On Mon, Jan 14, 2013 at 10:13 AM, Brian Schenkenberger, VAXman- <system at
tmesis.com> wrote:
It was a question of why go out of ones
way to recode in C.
No idea, but the numbers did not lie. The customers wanted C not BLISS and if you look
at the number of customer projects that switched to it >>outside<< of DEC, it
was not even close.
I learned BLISS/10 and BLISS/11 (and eventually BLISS/32) at CMU on the 10s before I
learned C. When I first saw C (the white book had not yet been written) and I was not
not assumed, particularly since the BLISS macro processor and code generator were so far
advanced from dmr's compiler.
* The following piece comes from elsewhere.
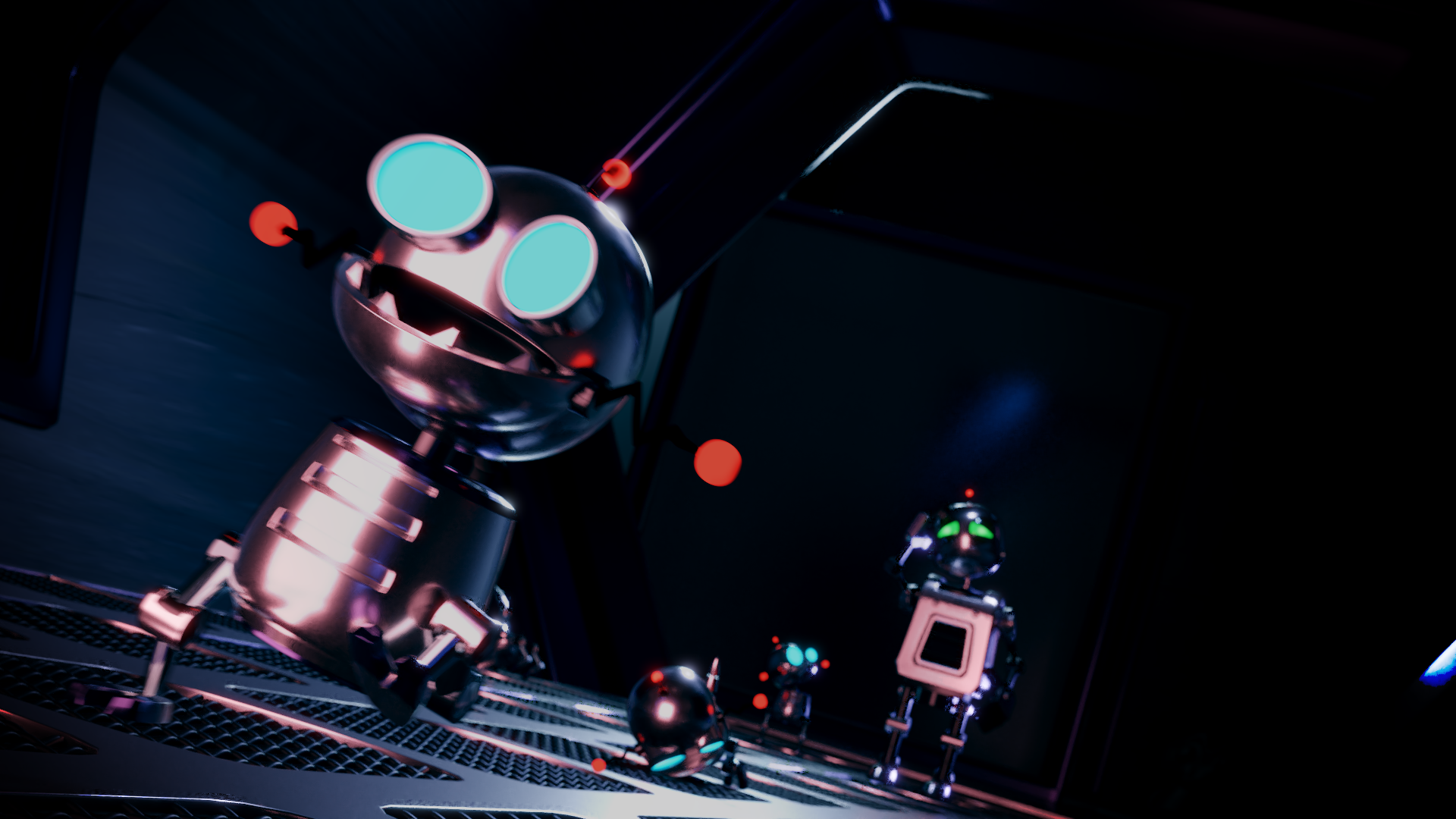 Maybe I should've added motion blur to the closest Gadgebot? They're not exactly fast so it felt a little overkill. Also do not underestimate the compositor, it can do wonders to your render. Seriously. Sorry for taking so long @theluthier and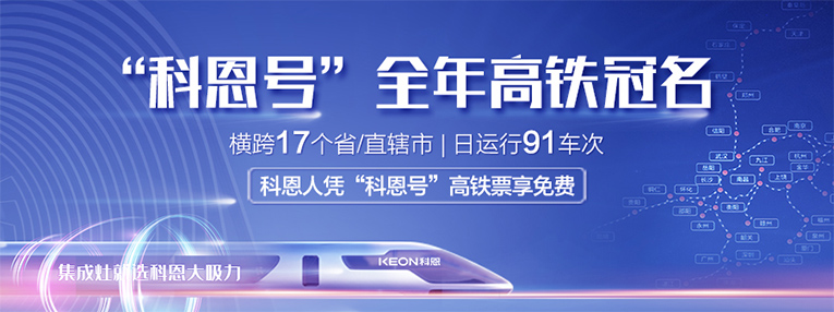 作為集成灶十大品牌、廚電行業(yè)十大品牌的科恩集成灶,杭紹臺(tái)高鐵的建成開通,開啟了科恩集成灶發(fā)展新篇章。2021年,斥資800萬(wàn),“科恩號(hào)”高鐵品牌專列馳騁大江南北,橫跨17個(gè)省/直轄市,日運(yùn)行91車次。

But I quickly learned that I
>>preferred<< C for a number of reasons. Originally, because it was
self-hosting which BLISS was not for the PDP-11 and my edit/compile/test cycle was just so
much easier.
That said for early VMS editions, when there was not C, all we had was BLISS, so I used
it; but I also used to grumble as I had been enlightened from the dark side. I can
definitely state that Stan and I had had Culter's VAX11-C when wrote the TCP stack we
would have use it not BLISS - but it was all we had and his compiler was a good 3-4 years
into the future.
Late on Larry and I used to talk about this at lunch. I think most of the system folks
in the VMS group that really learned C, eventually came to the same spot as I did. It
was just an easier echo system to use; but they key was that were not trying to use BLISS
I/O, we used C calls once we switch over - which may have been what make you think that
it's support was not as good.
That said, the compiler guys (Grove at al), doggedly stayed with BLISS to the end. Rich
and I have also talked about the issue, including the "what if GEM has been in C not
BLISS" - would Intel have been able to accept it as the base? An interesting
thought [instead the DEC DNA is ground up and reinjected].